It’s finally fall down here in Texas (barely) which to me means it is soup season. We love Thai food which means I have your typical Thai ingredients on hand so I can whip up a curry. This time instead of curry I went with a soup made in an instant pot. Throw in more curry paste if you want your soup spicier. 
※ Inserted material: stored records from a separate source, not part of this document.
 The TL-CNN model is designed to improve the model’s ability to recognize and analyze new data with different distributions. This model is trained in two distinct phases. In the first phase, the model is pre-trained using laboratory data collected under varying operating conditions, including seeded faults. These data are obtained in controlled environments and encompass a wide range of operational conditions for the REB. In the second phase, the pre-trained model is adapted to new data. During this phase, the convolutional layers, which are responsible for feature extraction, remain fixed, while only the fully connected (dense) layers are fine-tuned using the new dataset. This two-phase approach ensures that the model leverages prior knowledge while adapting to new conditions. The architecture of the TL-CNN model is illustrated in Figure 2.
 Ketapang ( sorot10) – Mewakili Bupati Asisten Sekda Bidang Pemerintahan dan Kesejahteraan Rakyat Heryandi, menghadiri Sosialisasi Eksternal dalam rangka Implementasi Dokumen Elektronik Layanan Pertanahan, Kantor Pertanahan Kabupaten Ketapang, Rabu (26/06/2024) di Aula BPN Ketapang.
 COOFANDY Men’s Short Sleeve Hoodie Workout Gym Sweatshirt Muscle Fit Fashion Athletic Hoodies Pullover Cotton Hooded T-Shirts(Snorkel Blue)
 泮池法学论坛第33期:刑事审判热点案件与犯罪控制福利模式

Instant Pot Thai Chicken Soup Recipe

Serves: 4-5

Prep Time: 5 minutes

Cook Time: 16 minutes

Total Time: 21 minutes

Ingredients:

2 Tbsp avocado oil

1 Onion, diced

1 tbsp garlic, minced

2 Tbsp Ginger paste

1 Tbsp Lemongrass paste

2 Red peppers, thinly sliced

8 ounces Sliced Baby Bella mushrooms

6 Boneless skinless chicken thighs cut into cubes

3 Cups Chicken Broth

1 14 oz Can coconut milk, full fat

3 Tbsp Fish sauce

3 Tbsp Lime juice

1 Tbsp Soy sauce

2 tsp Thai red curry paste

Fresh cilantro for garnish

Instructions:

Heat a 6 or 8 quart Instant Pot, using the sauté function.

Add oil, chicken, red peppers, and onions, and sauté 2-3 minutes.
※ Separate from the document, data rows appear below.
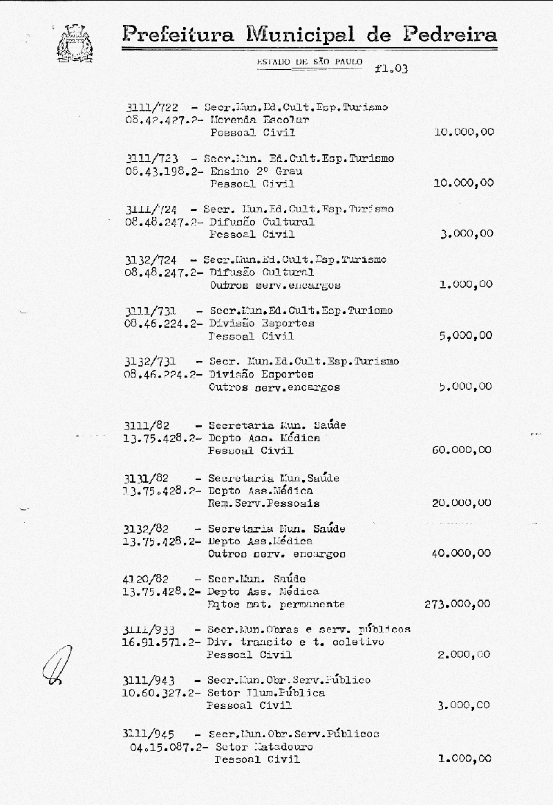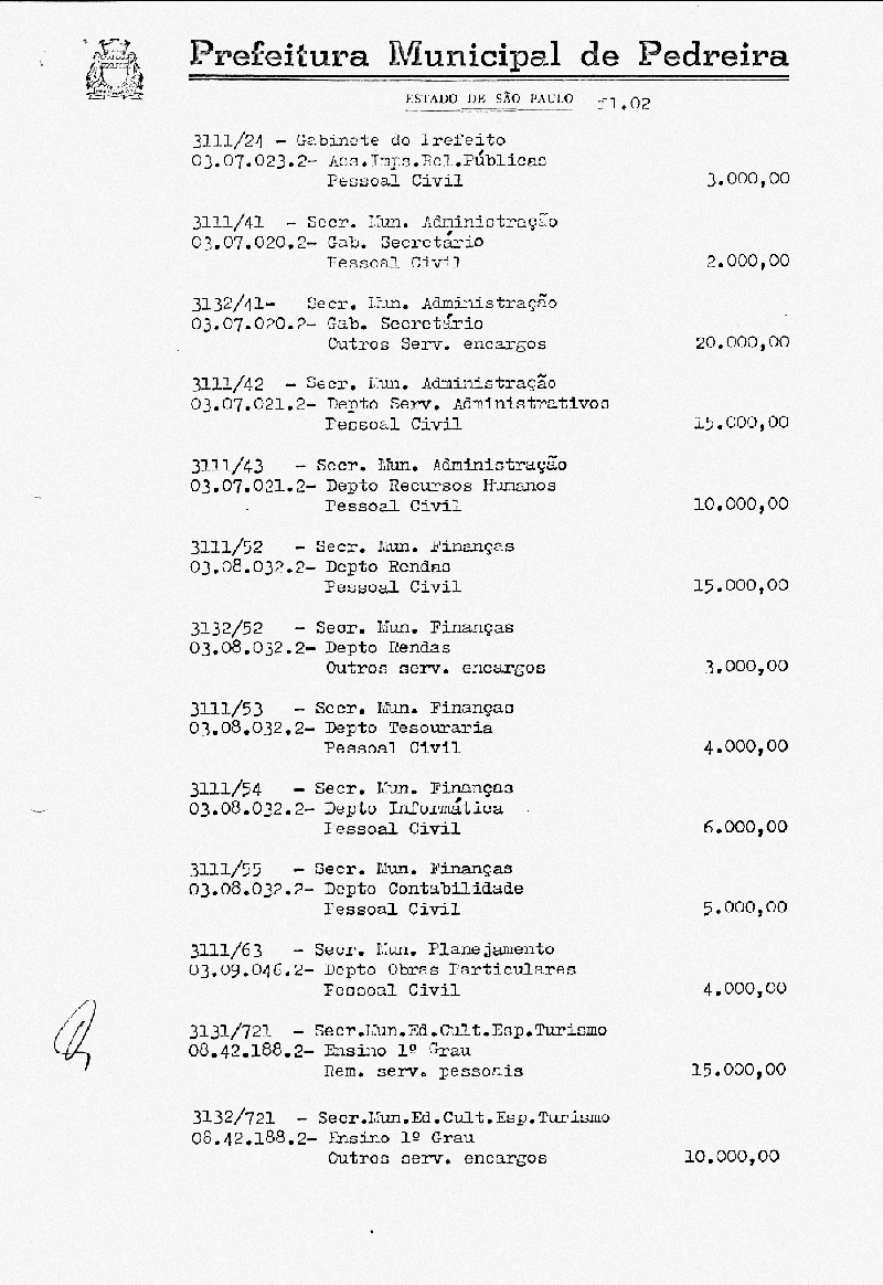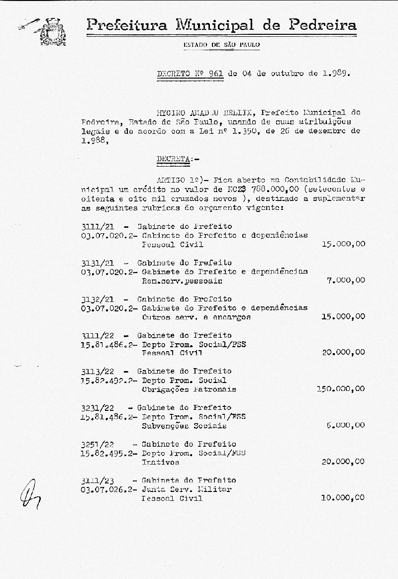 Ementa: Artigo 1° - Fica aberto na Contabilidade Municipal um crédito no valor de NCr$ 788.000,00 (setecentos e oitenta e oito mil cruzados novos), destinados a suplementar as seguinte rubricas vigentes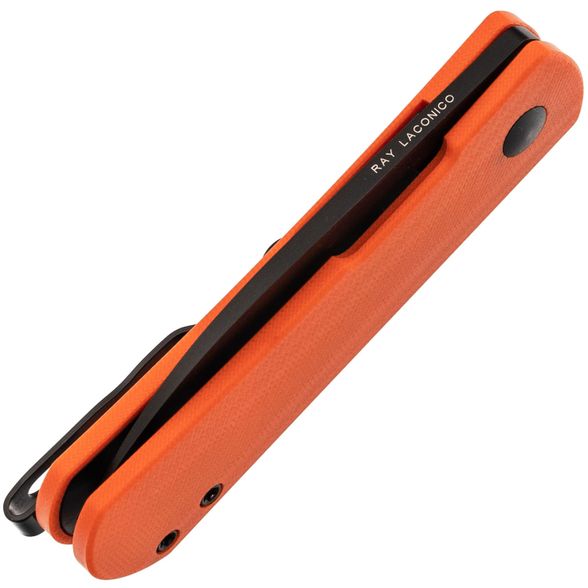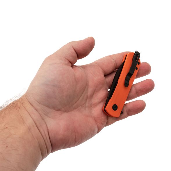 Рукоять выполнена из стеклотекстолита G10, который гарантирует прочность и надежность. Этот материал не выцветает, что особенно важно для сохранения яркого оранжевого цвета рукояти. Нож оснащен клипсой для удобного ношения, которая обеспечивает глубокую посадку в кармане. Замок Liner-Lock надежно фиксирует клинок, делая нож безопасным в использовании для повседневных задач. Kizer Yorkie Orange - это отличный выбор для тех, кто ценит функциональность, качество и оригинальный дизайн.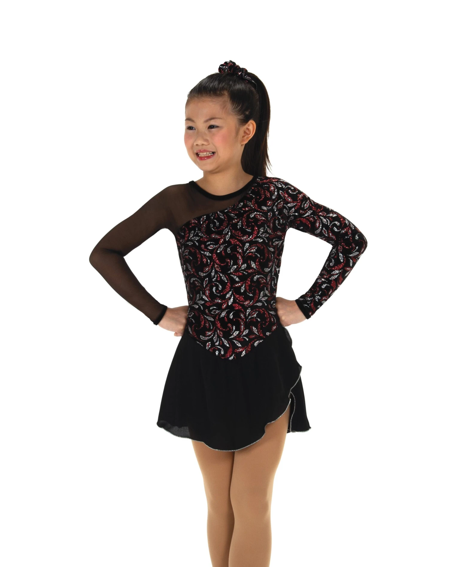 Black glitter velvet skating dress, one mesh sleeve, mock wrap skirt, cat’s eye keyhole strappy back.Â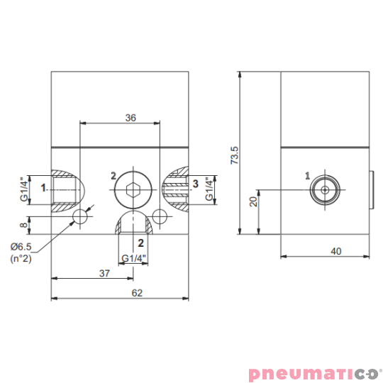 Jednostopniowy generator podciśnienia (eżektor) G1/4" PNEUMAX 19M14.S.10.SS.E0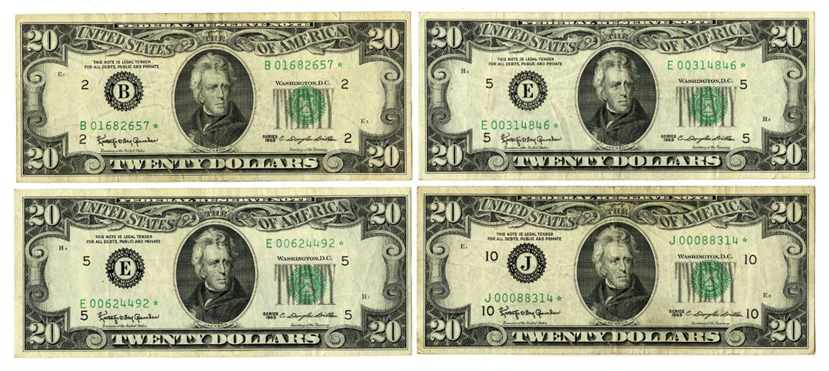 Various States, 1963. Lot of 4 $20 Series of 1963 Banknotes from Various Districts, Includes: New York NY, Fr.# 2065B*; Richmond VA, Fr.# 2065E* (2); Kansas City MO, Fr.# 2065J*. All have Granahan | Dillon Signatures and Green seal at right, Notes range from VF to Choice VF condition. (6).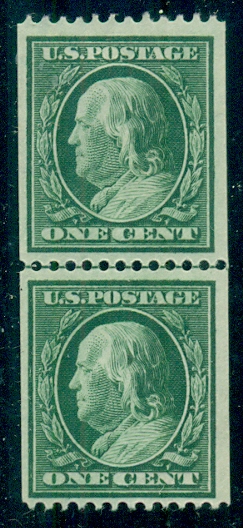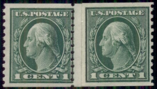 1¢ green, Coil Pair, og, NH, F/VF, Weiss certificate, Scott $225.00, $115.00 |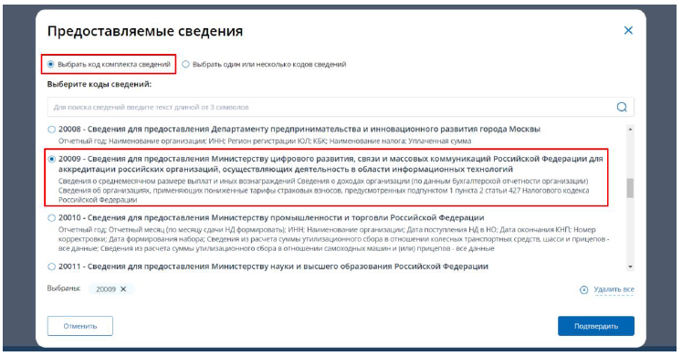нажмите «Выбрать», далее откроется окно, в котором необходимо отметить пункт «Выбрать код комплекта сведений», а также найти и выбрать код комплекта «20009» в предложенном списке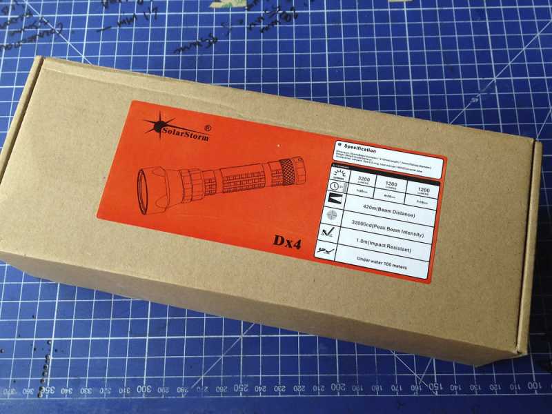 Købte den på en kinesisk hjemmeside til ca. 200 kroner.Den hedder SolarStorm DX4 og har 4 x XM-L LEDere og tager 2 x 18650 eller 2 x 26650 batterier.

Add the mushrooms, and cook for 2 minutes.

Add lemongrass paste, ginger paste, curry paste, fish sauce, soy
sauce and stir.

Allow it to sit for 2 minutes.

Add the broth and stir.

Close the lid, seal the pressure valve, and set on manual/high for 4 minutes.

Once the time is up, let the pressure release naturally for 5-10
minutes, then flip the valve to release the remaining pressure.

Remove the top carefully.

Add lime juice, coconut milk, and stir to combine.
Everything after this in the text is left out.